Most lending institutions require confidential information that you may not have on hand when making a mortgage loan application. To hasten the process of loan approval, you will want to bring the following with you:

  • A copy of the SALES CONTRACT, signed by all parties.
  • A deposit for credit report and appraisal fees will be required at time of application
  • SIN number for all applicants.
  • Checking account numbers; addresses of banks.
  • Savings account numbers; addresses of banks.
  • Mutual fund account numbers and addresses.
  • Gift letter for any money received from relatives to purchase home and placed in checking/savings account.
  • Serial number and face values of any Savings Bonds and other Stocks.
  • Credit card references, including account numbers, balances, etc.
  • A list of any debts you have which have a balance. The name of the creditor, their addresses, telephone number, account numbers, the monthly payment and balance should be documented.
  • A list of assets including cars, furniture and estimate of value.
  • Name and address of employer(s) for the last two years. Latest earnings statement or pay vouchers.
  • If overtime is a substantial part of gross income, provide forms for the last two years. Commission sales usually require two years tax returns.
  • If you are self-employed, tax returns for the last two years will be required, plus profit and loss statements and balance sheets for the year to date earnings.
  • If you presently own or have owned a home in the last three years, the name and address of the mortgage company or lending institution, the mortgage loan number and balance will be required.
  • If you are obtaining your equity from the sale of your previous residence, a copy of your closing statement is required.
  • If you are a landlord, bring a copy of your tenant’s lease(s) with you to substantiate income derived.
  • Any divorce papers and property settlements where property was involved in a divorce. If alimony or child support is being used as income to qualify for a loan, provide proof of amounts received. This is either by copies of cancelled checks, military allotments or if paid through the court.
  • Any bankruptcy judgment papers. Copies of discharge and original papers filed.
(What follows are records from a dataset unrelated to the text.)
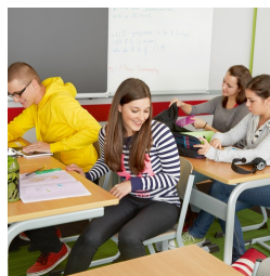
No disturbance of the chair legs when getting in and out of the chair
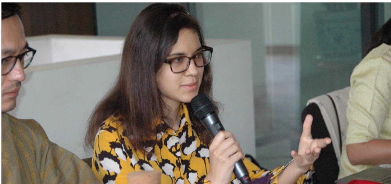
A youth shares her views

In addition to possessing a discerning mind and a strong value system, there are other factors that invariably play a significant role in how resilient a person is.
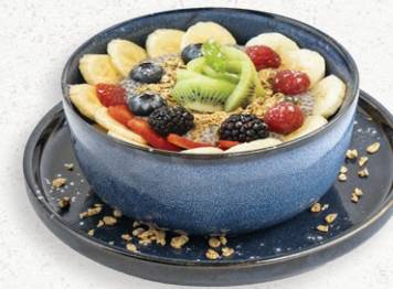
Acai Pudding Bowl
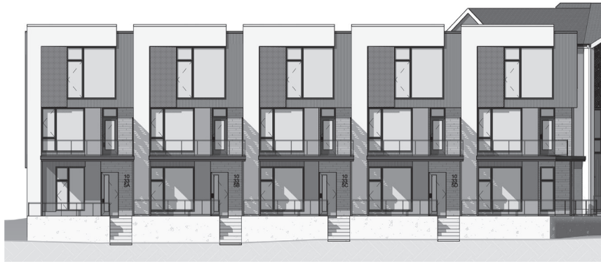
① North Building West Elevation 1/16" = 1'-0"
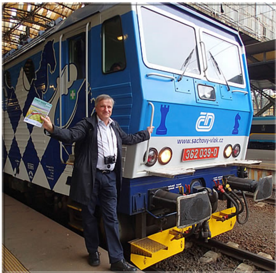
A promising start in
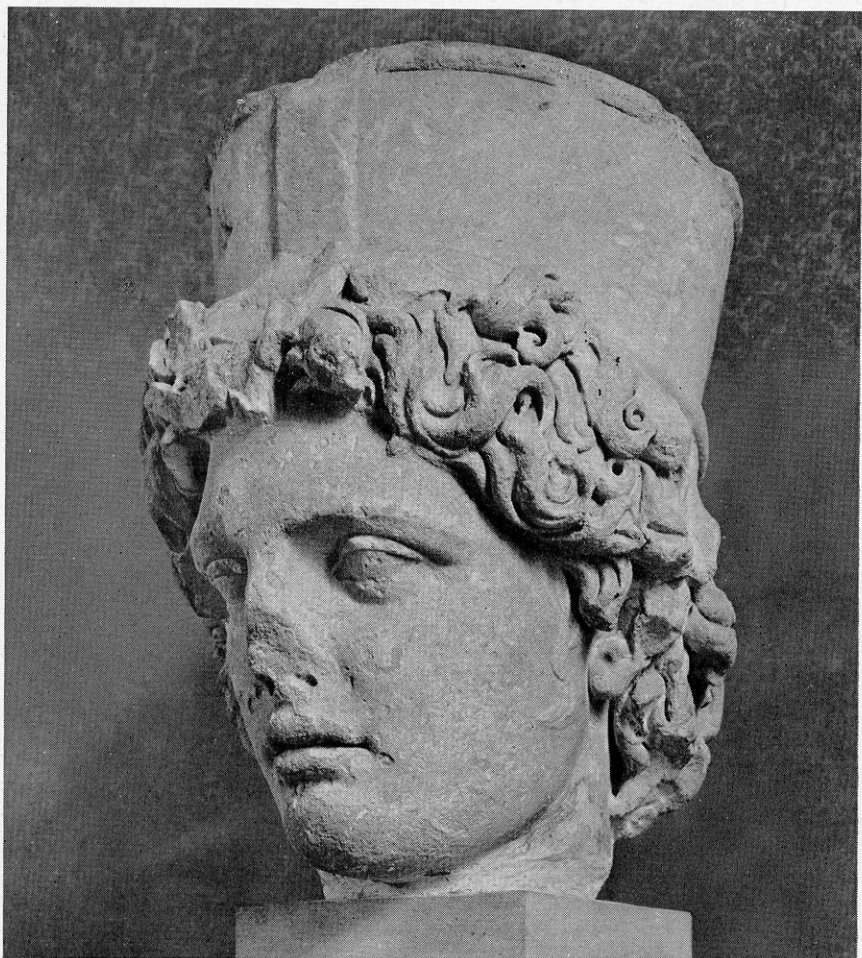
GODDESS OF A CITY, OR CYBELE (?) GREEK, FOURTH CENTURY B. C.
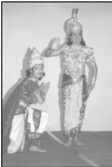
Cultural program at the dinner banquet
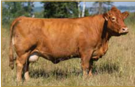
Pinnacle's Drama Queen 8D | Dam of Lot 5
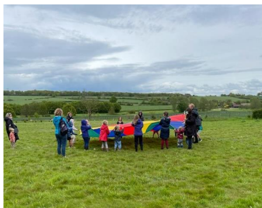
Children exploring the theme of 'Wind' at the Little Sampford Pentecost Service

There is a Village Hall, shared with the school, used for a wide variety of activities including a successful Youth Club. There are close links with the Baptist church in the village, who participate in the monthly 'Seedlings' initiative which is a group for pre-school children and their carers. The Sampfords has a long-established Cricket Club which celebrated its Bicentenary in the 1980s and is now the owner of the freehold to its ground and the recently built pavilion.
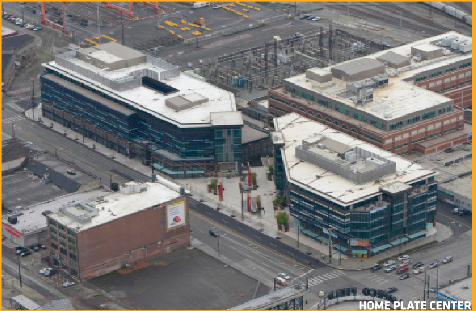
HOME PLATE CENTER

Consider All of the Options Available Before Selecting Your Mortgage

Purchasing a home will probably be the largest investment any one of us will make in our lifetime. Considering how very important this decision is, I am surprised at how often people base their decision making process on two issues: loan approval and interest rates. Granted, these two options are important, but there are other, equally significant options and alternatives to look at and think about.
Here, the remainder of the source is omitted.